# What you will do
Give back all of the data, word for word.

# Data provided
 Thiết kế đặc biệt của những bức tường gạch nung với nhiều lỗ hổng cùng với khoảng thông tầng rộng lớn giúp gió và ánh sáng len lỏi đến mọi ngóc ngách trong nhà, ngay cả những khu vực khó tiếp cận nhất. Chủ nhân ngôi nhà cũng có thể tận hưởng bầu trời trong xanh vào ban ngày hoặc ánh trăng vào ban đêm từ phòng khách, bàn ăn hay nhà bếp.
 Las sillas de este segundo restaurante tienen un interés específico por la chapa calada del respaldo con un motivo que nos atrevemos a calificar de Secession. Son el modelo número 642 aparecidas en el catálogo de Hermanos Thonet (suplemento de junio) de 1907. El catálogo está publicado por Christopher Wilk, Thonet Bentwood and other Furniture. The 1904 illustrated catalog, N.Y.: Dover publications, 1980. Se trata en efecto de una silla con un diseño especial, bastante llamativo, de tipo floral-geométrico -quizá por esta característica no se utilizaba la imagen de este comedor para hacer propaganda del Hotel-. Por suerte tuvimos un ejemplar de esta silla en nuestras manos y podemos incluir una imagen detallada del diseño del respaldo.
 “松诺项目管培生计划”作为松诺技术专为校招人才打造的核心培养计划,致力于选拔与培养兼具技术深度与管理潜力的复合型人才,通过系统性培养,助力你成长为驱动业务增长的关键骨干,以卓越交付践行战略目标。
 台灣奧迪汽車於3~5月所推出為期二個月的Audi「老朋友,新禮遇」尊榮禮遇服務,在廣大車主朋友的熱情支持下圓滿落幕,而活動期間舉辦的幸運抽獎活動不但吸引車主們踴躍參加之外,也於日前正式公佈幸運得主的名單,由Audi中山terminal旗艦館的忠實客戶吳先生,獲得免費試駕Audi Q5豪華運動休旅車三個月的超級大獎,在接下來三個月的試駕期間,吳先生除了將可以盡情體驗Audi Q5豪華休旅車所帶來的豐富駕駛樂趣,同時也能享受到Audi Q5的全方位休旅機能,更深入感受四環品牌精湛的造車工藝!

# Response
 Thiết kế đặc biệt của những bức tường gạch nung với nhiều lỗ hổng cùng với khoảng thông tầng rộng lớn giúp gió và ánh sáng len lỏi đến mọi ngóc ngách trong nhà, ngay cả những khu vực khó tiếp cận nhất. Chủ nhân ngôi nhà cũng có thể tận hưởng bầu trời trong xanh vào ban ngày hoặc ánh trăng vào ban đêm từ phòng khách, bàn ăn hay nhà bếp.
 Las sillas de este segundo restaurante tienen un interés específico por la chapa calada del respaldo con un motivo que nos atrevemos a calificar de Secession. Son el modelo número 642 aparecidas en el catálogo de Hermanos Thonet (suplemento de junio) de 1907. El catálogo está publicado por Christopher Wilk, Thonet Bentwood and other Furniture. The 1904 illustrated catalog, N.Y.: Dover publications, 1980. Se trata en efecto de una silla con un diseño especial, bastante llamativo, de tipo floral-geométrico -quizá por esta característica no se utilizaba la imagen de este comedor para hacer propaganda del Hotel-. Por suerte tuvimos un ejemplar de esta silla en nuestras manos y podemos incluir una imagen detallada del diseño del respaldo.
 “松诺项目管培生计划”作为松诺技术专为校招人才打造的核心培养计划,致力于选拔与培养兼具技术深度与管理潜力的复合型人才,通过系统性培养,助力你成长为驱动业务增长的关键骨干,以卓越交付践行战略目标。
 台灣奧迪汽車於3~5月所推出為期二個月的Audi「老朋友,新禮遇」尊榮禮遇服務,在廣大車主朋友的熱情支持下圓滿落幕,而活動期間舉辦的幸運抽獎活動不但吸引車主們踴躍參加之外,也於日前正式公佈幸運得主的名單,由Audi中山terminal旗艦館的忠實客戶吳先生,獲得免費試駕Audi Q5豪華運動休旅車三個月的超級大獎,在接下來三個月的試駕期間,吳先生除了將可以盡情體驗Audi Q5豪華休旅車所帶來的豐富駕駛樂趣,同時也能享受到Audi Q5的全方位休旅機能,更深入感受四環品牌精湛的造車工藝!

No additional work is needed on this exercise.